One of the saddest days of my fire service career was March 14, 2001, when I was an assistant chief with the Phoenix Fire Department. A dozen maydays had been broadcast, and two rapid intervention teams had entered a burning supermarket to search for firefighters. Two additional alarms had been sounded, and additional crews were being organized into search teams. Several firefighters had been rescued or escorted out of the building; one fire captain was brought out unconscious and barely breathing. But one firefighter remained unaccounted for.

Interior conditions had suddenly worsened from relatively modest smoke conditions to zero visibility as crews were fighting a fire in the rear stockroom. After the rescue of others, the search area was narrowed to the 2,000-square-foot stockroom. Crews worked courageously for 53 minutes to search, locate and remove Firefighter Bret Tarver after he declared a mayday, but they weren't able to make it in time.

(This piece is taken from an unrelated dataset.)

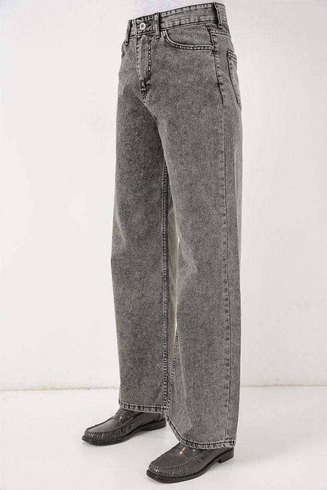 Bol Paça Yüksek Bel Palazzo Kot Pantolon 6656 - Gri

Following the tragedy, the Phoenix Fire Department conducted one of the largest open investigations ever conducted by a fire department, followed by a recovery plan to implement changes in training, procedures, technology and equipment. Additionally, a research effort was initiated to better understand the capabilities of rapid intervention teams. This research project involved search-and-rescue exercises in three separate large-square-footage buildings (two buildings of 5,000 square feet, and one of 7,500 square feet). In each exercise, two firefighters were lost in the building but less than 100 feet from an exit.

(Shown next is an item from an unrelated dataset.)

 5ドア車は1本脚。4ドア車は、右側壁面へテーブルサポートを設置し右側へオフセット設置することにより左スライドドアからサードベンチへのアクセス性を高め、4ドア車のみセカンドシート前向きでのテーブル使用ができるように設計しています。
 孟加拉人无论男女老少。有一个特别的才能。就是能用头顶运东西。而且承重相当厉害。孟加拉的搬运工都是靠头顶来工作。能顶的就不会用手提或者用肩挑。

Four months after the tragedy, I became the fire chief of the Seattle Fire Department. Shortly after the Phoenix research project began, Seattle initiated a similar study of rapid intervention effectiveness. Seattle's exercises involved search and rescue of a first floor and basement of a 5,000-square-foot building. The scenario also had two firefighters lost in the building.

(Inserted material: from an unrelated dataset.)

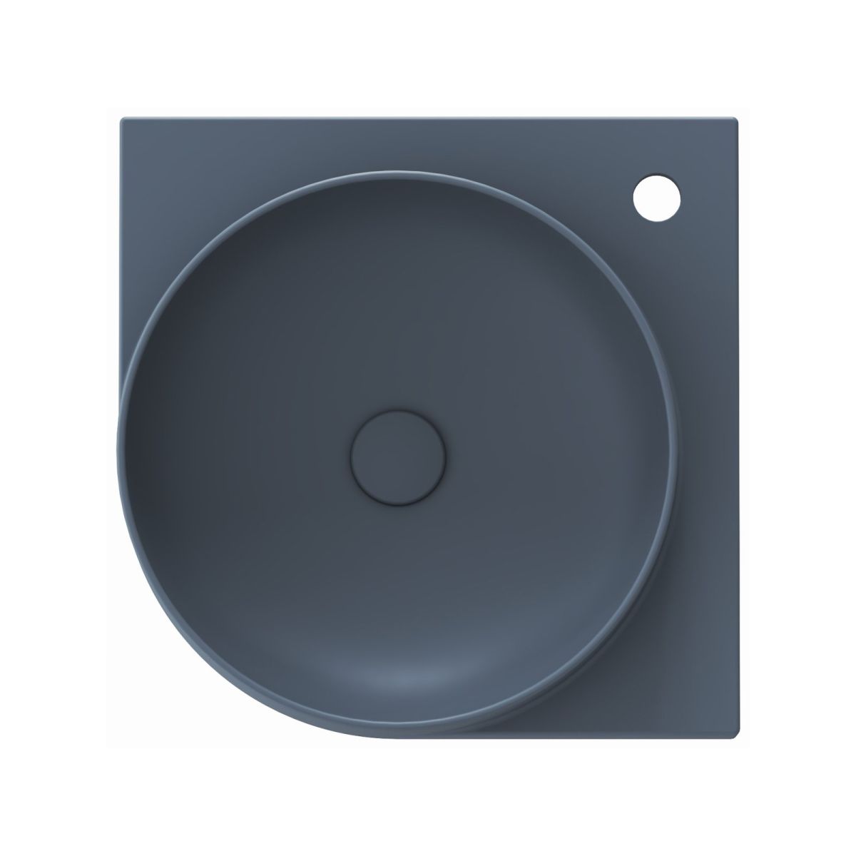Das dünnwandige Eckwaschbecken Yard ist für die Montage auf der Yard-Konsole oder auf einer Arbeitsplatte ohne Überlauf vorgesehen. Farbe Deepsea Blue. Mit Loch für Wasserhahn.

Between the two departments, more than a 100 search-and-rescue exercises were conducted, and data were carefully collected. Though separate research efforts, these studies came to nearly identical conclusions.

Gross misjudgments

The research found that the fire service has grossly underestimated both the number of rescuers and the time required for rapid intervention teams to enter the building, and find and move each firefighter to safety. Four members of a team didn't do it; neither did six, eight or 10. The average number of firefighters required in the Seattle study to complete a rescue was 11; Phoenix determined an average of 12.

These averages included the use of a primary search team followed by an extraction team. Breathing air from SCBAs was consumed during the search, so once a lost firefighter was located, additional firefighters were needed to replace the initial crew that was running low on air. The physical efforts of moving the firefighter to an exit required additional firefighters. The extraction process was found to involve intense manual labor that rapidly exhausted rescuers and quickly depleted breathing air. In some exercises, a relay system of rotating fresh crews into the rescue effort was necessary.

Finding a lost firefighter may occur in a relatively short period of time, but removing a firefighter from the building is harder and takes longer. Phoenix was able to locate the first downed firefighter an average of 7 minutes, 27 seconds after a mayday was declared. In Seattle the average time was 6 minutes, 30 seconds. During each of the exercises, the rescue effort continued into the extraction stage, and the time became longer, as each of the downed firefighters was moved by whatever manner possible to an exit.

And how long did it take to enter, locate and retrieve both the downed firefighters? Seattle's research indicated an 18 minute average, and Phoenix came in with 21 minutes. (Phoenix used a larger building). Think about it. We barely get 20 minutes of work time out of the typical 30-minute SCBA bottle during routine firefighting.

The physical labor to move a downed firefighter was considerable and resulted in high consumption rates of breathing air. In the Phoenix research, it was determined that SCBA working time on a 3,000psi bottle for rescue crews was between 16.5 and 18.5 minutes. Seattle's data was similar, with an average air consumption rate of 130psi per minute. In other words, some rescuers will likely to be out of air before a rescue can be completed.

It's also possible for rescuers to become victims themselves. The Phoenix research indicated that one in five rescuers got into trouble, mostly low on air, out of air, or lost in the building.

Research results

There are a number of other lessons that can be interpreted from this research.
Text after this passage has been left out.